Prompt Cache TTL and Costs: Anthropic's prompt caching operates with a 5-minute TTL and a 1024-token minimum prefix length. When hit, it drops input token costs by 90%, making harness-level cache preservation the primary driver of agent performance.

The Invalidation Cascade: Any change in volatile context (such as terminal tool outputs, directory listings, or editing diagnostics) invalidates the KV cache prefix, triggering a full cache rebuild that inflates latency and token consumption.

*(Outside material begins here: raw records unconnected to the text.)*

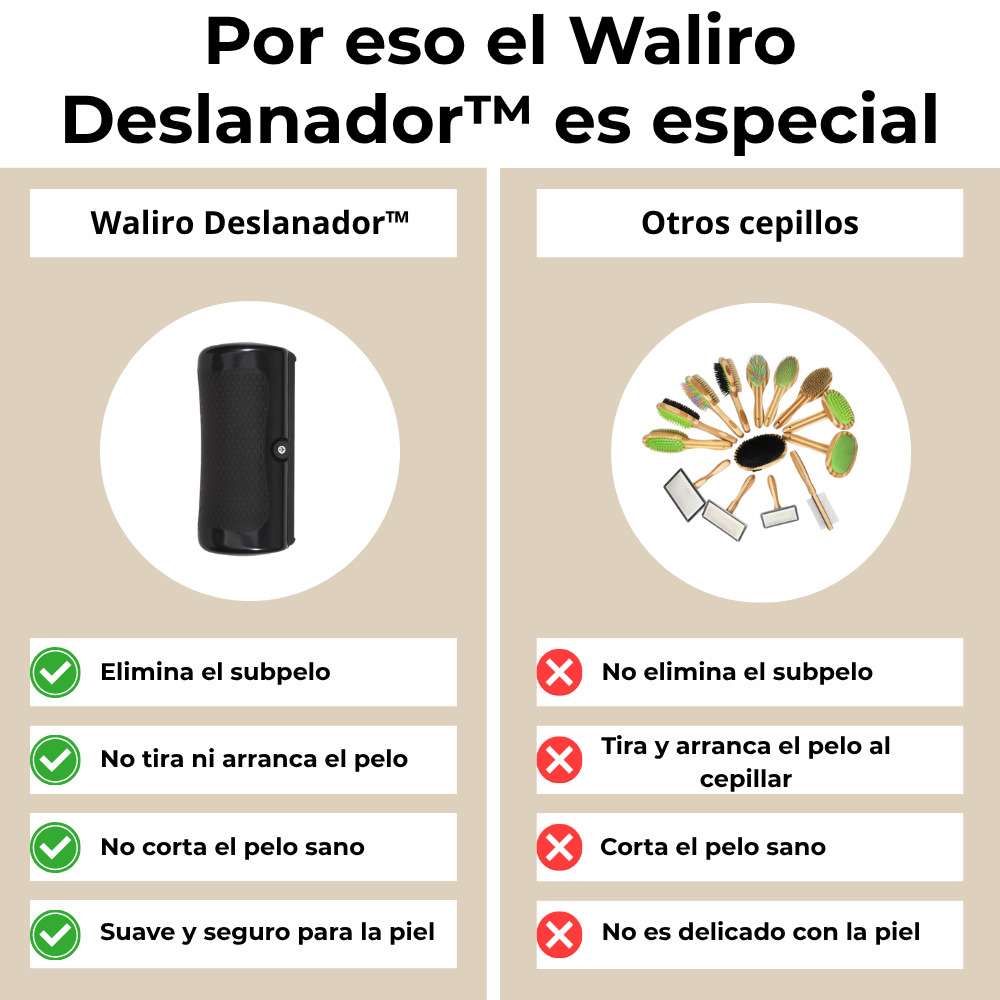 El Waliro Deslanador™ es el primer cepillo que elimina de forma eficaz tanto el pelo suelto como el subpelo, sin tirones ni molestias.
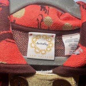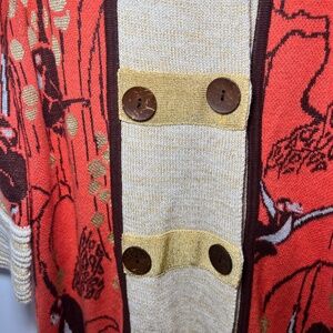 Lia Molly Anthropologie Sweater Monkey Print Double Button Gold Tan Red/Brown
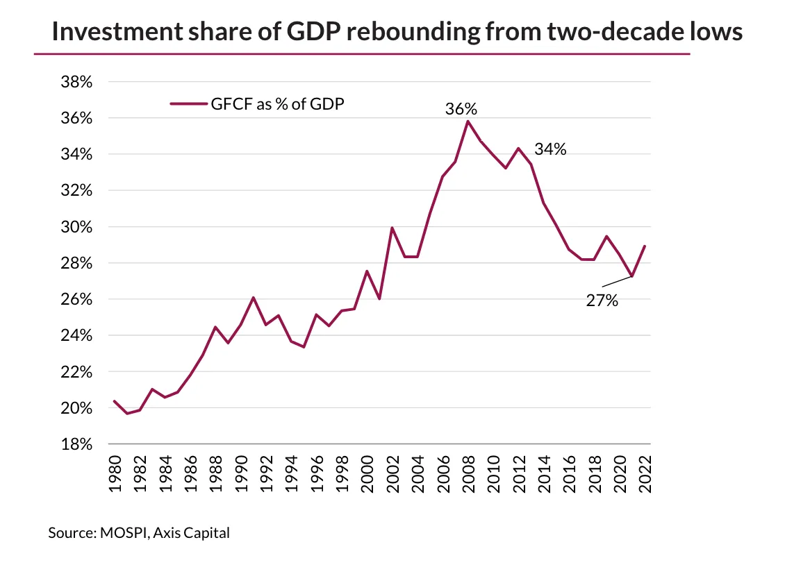모디 총리가 연정 파트너와 함께 통치해야 한다는 사실은 인도 정치사에서 그 자체로 드문 일이 아니다. 시장의 가장 큰 관심사는 모디 총리의 약화가 그의 트레이드마크였던 인프라 및 과두 정치인 주도 성장 모델에 어떤 영향을 미칠 것인가 하는 점이다. 과대 광고와는 달리 인도 전체에 대한 투자는 급증하지 않았다. GDP 대비 투자 비중은 2000년대 최고치인 36%에 비해 감소했다.

Context Compaction state machines: AI dev runtimes actively prune context using sliding windows, token budgeting, and differential file-content summarization to prevent context-window overflow and control API costs.

Tool Routing & Parsing Loops: The harness extracts actions using regex or AST parsers, executing them locally and feeding system stdout, stderr, or compilation errors back to the model in a closed-loop correction system.

1. The Black Box of Agentic Runtimes

When you execute a command in Claude Code, edit a line in Cursor, or trigger an autonomous workflow in Cline, the terminal output presents an illusion of seamless, direct communication with an artificial intelligence. You type a prompt, a spinner animates, and the tool performs file edits, runs tests, and commits code. In the popular imagination, the model weights are directly reading the terminal and typing back.

As systems engineers, we know that abstractions always hide plumbing. Between your keyboard inputs and the raw model weights lies a sophisticated, stateful, and often undocumented middleware layer. In Part 1 of this series, we defined this layer as the harness.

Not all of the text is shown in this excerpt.